Endpoint protection is securing an organization’s software and hardware devices from malicious attacks. It can be accomplished by deploying antivirus software, running firewalls, or providing a robust content filtering mechanism. Most organizations use these methods to ensure that their devices are protected against known and new threats.

1. Importance of Endpoint Protection

Most IT professionals believe that endpoint protection is unnecessary for regular day-to-day business. However, any time new malicious software or device enters the organization, it can severely damage the productivity and reputation of the organization. Many organizations see more and more threats related to phishing and other attacks linked to websites and email than ever before. While some technologies can block malware at the network level, others require that each device be scanned before allowing a user to access corporate data.

2. Types of Endpoint Protection

There is no perfect endpoint protection suite, and users must choose the best solution that meets their current needs. One company may use multiple products to protect against the right threats properly. There are generally three types of Endpoint Protection. These include:

Antivirus Protection

Network-based antivirus software can block common types of malicious software, but it does not guarantee that every device is protected. This can leave a device open to attack. Additionally, network-based virus protection may not recognize some viruses or malware since they are disguised to avoid detection. For devices to be completely protected, they must have local protection, known as an antivirus solution. The downside to having local protection is the number of resources it consumes and the potential of slowing down a device and interfering with normal operations.

Anti-malware Protection

There are two main types of Anti-malware Protection. The first type is known as host-level protection. This type of protection includes a wide variety of software designed to run separately on each device within an organization.
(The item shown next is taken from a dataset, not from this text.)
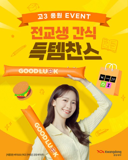 가장 많은 응원 메시지를 받은 학교 한 곳을 선정해, 고등학교 3학년 학생 전원에게 비타500과 햄버거로 구성된 간식 세트를 제공할 예정이다. 또한, 이벤트 참여자 중 추첨을 통해 총 15명에게 ▲W컨셉 ▲무신사 ▲29CM ▲올리브영 ▲지그재그 5개 플랫폼에서 20만원 한도 내의 경품을 선물로 증정한다.

However, many companies use the second form, known as network-based. This type of protection works by comparing a given device against known viruses or malware. If the new intrusive software is deemed to be a threat, the device will be quarantined and not allowed to access corporate data. However, this type of protection does not guarantee that all devices are protected, as it requires companies to have local protections.

Patch Management

Although not technically an endpoint protection solution, patch management can significantly benefit those organizations that decide to utilize it. Patch management works by providing the necessary updates to the software or devices so that they can receive the latest security patches and virus definitions. However, while this solution benefits most organizations, it also requires time and resources that many argue are unnecessary for normal day-to-day operations. Additionally, many new malicious threats can bypass these methods of protection as well.

3. The Current State of Endpoint Protection

Endpoint protection is an essential part of the cyber defense process. However, companies must regularly test their devices and applications for vulnerabilities to maintain adequate protection. Additionally, organizations should ensure that their policies and regulations are followed, including rules for what employees can and cannot access daily. If the organization fails to adhere to these rules, it could cause severe damage to the reputation of the company.

It is predicted that there will be an increased focus on endpoint protection and security in the next few years. This is due to the increase in new and unknown threats that are being created by cybercriminals each year. To maintain this level of protection, software vendors have been working to develop more advanced solutions that do not take up as many resources on a device and provide added protection against new threats.